Later in the summer, the Catholic Review reported on the progress, and by then Monsignor Tinder was able to point to the intricate patters of vines and berries now highlighted in color, “You didn’t know any of it was here because it was all gray.” Explaining the thinking of 1965, the pastor noted, “After the council [Vatican II], the attempt was made to diminish all the elements we would typically think of in a church. Everything was painted gray and the ceiling was dark so your eyes wouldn’t roam around the church, and the only element that was focused on was the altar.”.
The project took only three months, and there was a formal rededication Mass celebrated by Cardinal Keeler on December 8, 2005, followed by a reception
In the autumn of 2007, The Rt. Rev. Edwin F. O’Brien was installed as Archbishop of Baltimore, to succeed Cardinal Keeler who had submitted his resignation upon reaching the mandatory age for retirement. The appointment was made by Pope Benedict XVI, who had been elected in 2005.

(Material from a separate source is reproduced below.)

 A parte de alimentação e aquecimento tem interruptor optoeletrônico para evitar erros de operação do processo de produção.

Early in 2008, the Archdiocese celebrated its Bicentennial as an archdiocese—there having been no other bishops grouped under John Carroll when he was appointed to the See of Baltimore in 1789. Starting in 1808, Baltimore’s vast and impossible territory started to shrink to a more manageable area.

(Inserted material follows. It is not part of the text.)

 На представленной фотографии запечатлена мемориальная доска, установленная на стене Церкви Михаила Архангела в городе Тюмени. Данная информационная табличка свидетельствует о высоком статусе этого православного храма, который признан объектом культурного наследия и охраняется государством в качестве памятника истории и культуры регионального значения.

On December 8, 2008, the celebration of the patronal feast of the parish, the Most Rev. Archbishop Edwin F. O’Brien celebrated the evening mass. Both the Archbishop and the Rev. Michael Foppianno noted that the parish was one year short of celebrating the 125th anniversary of its formation and the 100th anniversary of dedicating the marble church on the ridge.
In the last quarter century, the parish has seen the formation of many groups and committees staffed by laymen. The formation of parish councils has not led to the disputes and squabbles that “trusteeism” produced in the early 19th century. Volunteers staff the Adoration Chapel, individuals members take Holy Communion to sick persons, a committee plans liturgies for significant feasts, and countless persons cook casseroles to feed indigent persons, while others collect and drop off canned goods and staples to a food bank for families in need. In these times, affluent parishes team with a poor parish and share revenue, and the Immaculate has Saint Thomas Aquinas Church of Hampden-Woodberry as its sister parish. The parish also has a sister diocese to help, a struggling district at Gonaive in Haiti. A number of programs have been instituted wherein members meet in homes for prayer and reflection. One early program was called Renew, and some of its members continued to meet together for years after the multi-week formal program ended. The home meetings often ended with refreshments or a buffet provided by the house owner. In the 125th year, a series of such meetings entitled “Why Catholic” was in progress. The many committees and groups are scarcely aware of each others’ activity. There are also persons who greet parishioners arriving in the narthex before Mass. Other persons are active in gathering supplies for expectant mothers at a pregnancy center supported by several parishes.